If you and your spouse are going through a divorce, and you also own a business together, you have some important decisions to make. Assuming that an agreement for the division of the business is not in a pre-or postnuptial agreement, the two of you need to decide what steps you want to take.
There are generally three options for the fate of the business. To help guide your decision-making process, you need to get a realistic idea of how much the business is worth.
Options for the business division
According to Market Business News, one of the cleanest ways to deal with the business is to sell the entire thing to a third party. This allows both of you to split the profits and move on.
If one of you wants to keep the business, the other partner can sell his or her share, and the other is the sole owner. If the person keeping the business cannot afford to pay for the other half of the business, he or she may choose to take on a new partner.

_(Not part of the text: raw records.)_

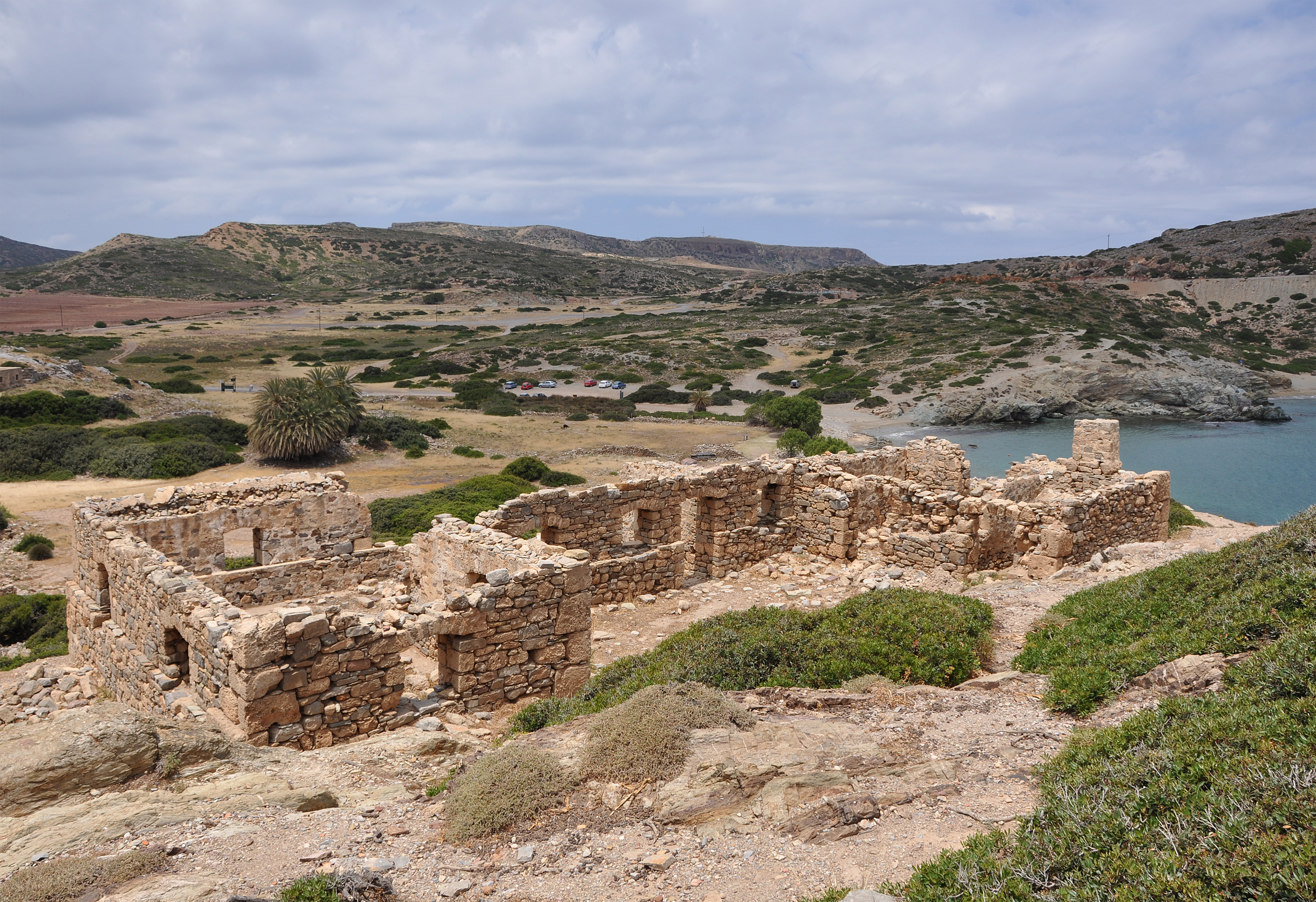 Itanos (Crete, Greece): archaeological site
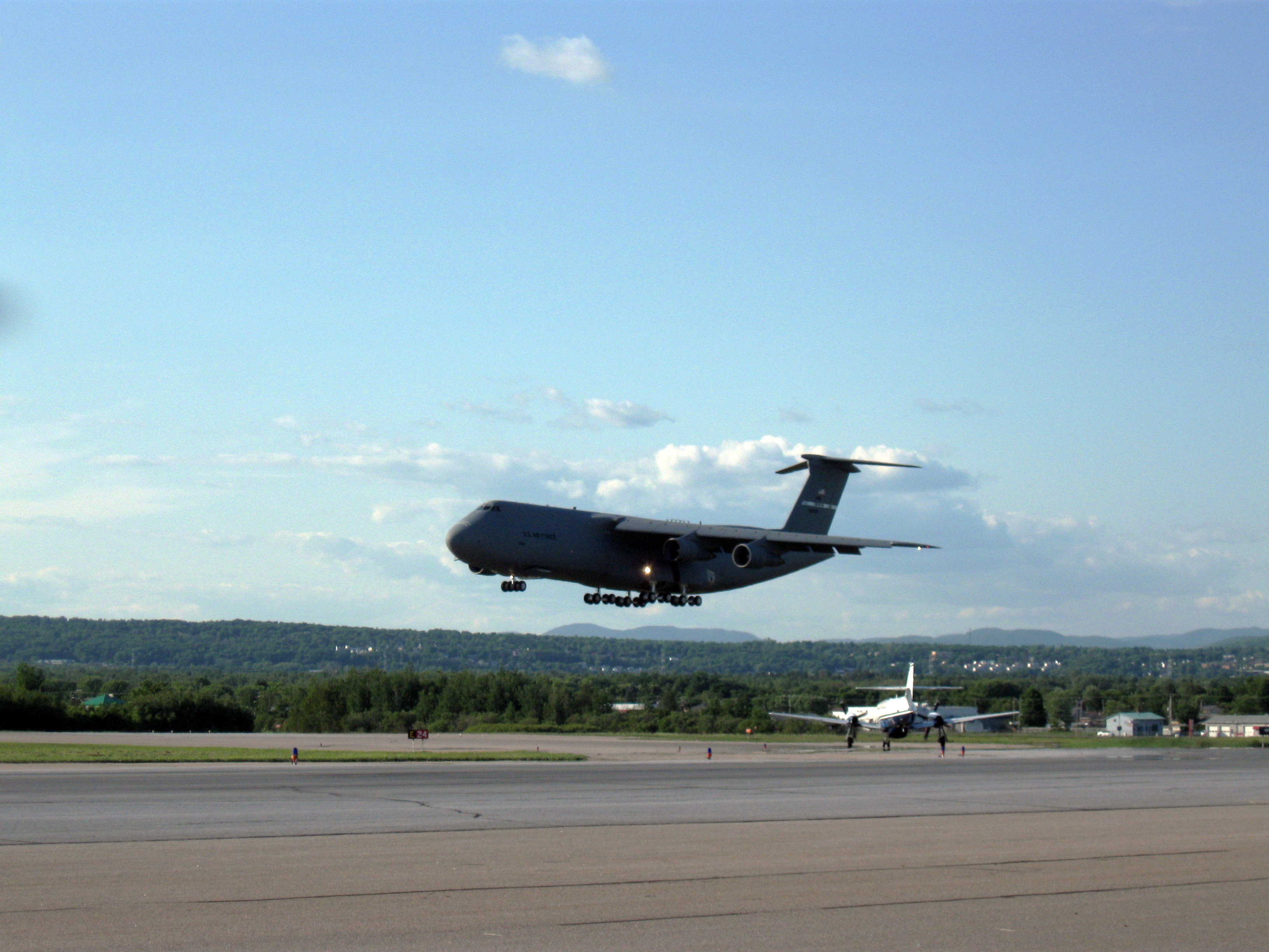 The giant strategic airlifter coming to land on a civilian airport.
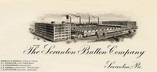 Printed lithograph of Scranton Button Company's Factory

A third option is to keep the business and continue to run it as partner. This generally requires that you and your ex get along and can make decisions without emotions getting in the way.
Common methods used to valuate a business
Before making a decision, you should know how much the business is worth, so you know what to expect. According to the U.S. Chamber of Commerce, there are three main methods of valuating a business. The earning value approach is generally for companies that are looking to merge with another business, so you would probably use the asset-based or market value approach.
The asset-based approach calculates the amount of assets the business has once you subtract all the liabilities. The market value method compares your business with similar ones that have sold in the area.